J.p. Devon 1643-6, June 1660-d, dep. lt. c. Aug. 1660-d., commr. for assessment Aug. 1660-d., corporations 1662-3, loyal and indigent officers 1662.2

Maj. of horse (royalist) ?1643-6, col. 1646, capt. of horse, regt. of Francis, Lord Hawley July-Nov. 1660.3

Biography

Stucley’s ancestors acquired Affeton, about 12 miles west of Tiverton, in the first half of the 15th century. In spite of the notoriety of Sir Thomas Stucley, the Elizabethan adventurer, and of Sir Lewis Stucley, infamous for his betrayal of Ralegh, Stucley was the only member of the family to enter Parliament. He had a distinguished military career in the Civil War, finishing as a colonel at the surrender of Exeter in 1646. In his composition he declared an entailed estate worth under £200 p.a., subject to annuities totalling £ 170, and debts of £657. ‘My personal estate, being a young man and new married, and being much wasted by the wars, having my house often plundered, is grown very inconsiderable.’ He was fined £300 on the Exeter articles. George Monck, his near kinsman, wrote that Stucley ‘received many wounds ... and afterwards suffered decimation and frequent imprisonment, and (to my knowledge) was most affectionate and active for the service of his Majesty upon all occasions’.4

Stucley was knighted at the Restoration, when he petitioned for the place of herdsman of Creslow, forfeited by a regicide. He was among those recommended by the quarter sessions as excise farmers for Devon, but not appointed; nor did he receive the Irish legal post for which he petitioned. His only substantial reward was a temporary commission in the army.

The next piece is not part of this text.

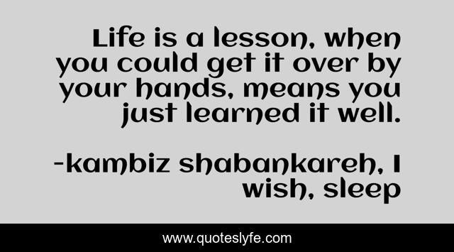"kambiz shabankareh, I wish, sleep Quotes." Quoteslyfe.com, 2025. Sat. 06 Dec. 2025. <https://www.quoteslyfe.com/quote/Life-is-a-lesson-when-you-could-225369>.
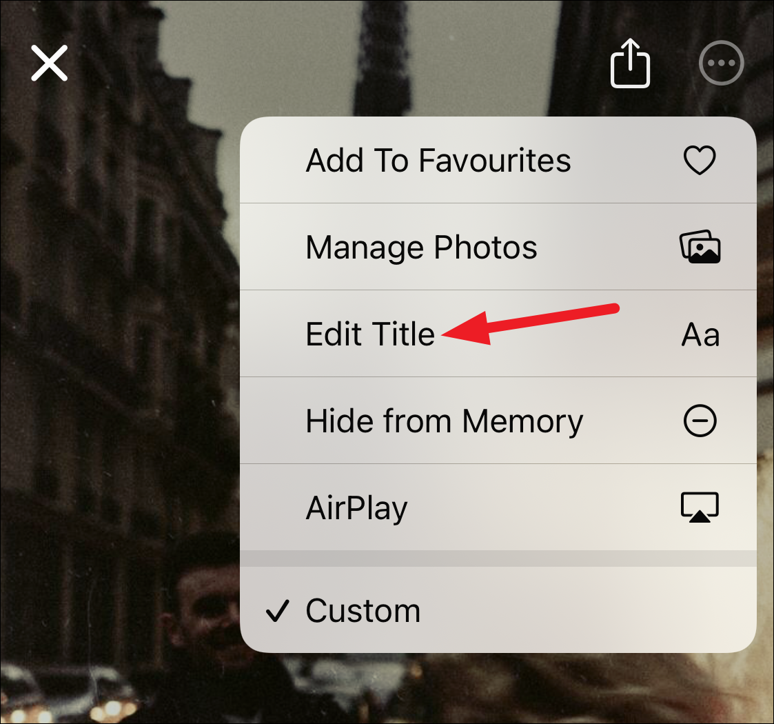 iPhone names your memories randomly, sometimes according to the location, day, album or person’s name, or any context it can see, like “Celebration.” But you can change the name. To edit the name of the memory, open the memory and tap it to bring up options. Tap the ‘More’ button (three-dot menu) in the upper-right corner.

Returned for Tiverton at the general election of 1661, he was named to the committee of elections and privileges in the opening sessions of the Cavalier Parliament, and to those to consider the uniformity bill, the bill of pains and penalties, and the petition of the loyal and indigent officers, as well as to those for several private bills affecting the estates of his Devonshire neighbours. Nor did he neglect the economic activities of his constituency, sitting on committees to regulate the manufactures of their Exeter rivals and to consider the petition of the Devon clothiers. A moderately active Member, he was appointed in all to 22 committees. On 16 May 1663 he acted with Sir Courtney Pole as teller for the estate bill promoted by the leading local Cromwellian, John Coplestone. He died on 20 Sept. 1663 and was buried at West Worlington. His sons died young, and his estate ultimately fell to his brother, a nonconformist preacher.5

Ref Volumes: 1660-1690

Author: John. P. Ferris

Notes

  • 1. Vivian, Vis. Devon, 722.
  • 2. Exeter corp. act bk. 9, ff. 356-61.
  • 3. SP23/183/696; Eg. 2537, f. 134; Parl. Intell. 2 July 1660.
  • 4. Lysons, Devon, 87; Vivian, 721; SP23/183/692-3; Eg. 2537, f. 134.
  • 5. Cal. Treas. Bks. i. 5, 425; CJ, viii. 484; PCC 122 Juxon; A. G. Matthews, Calamy Revised, 469.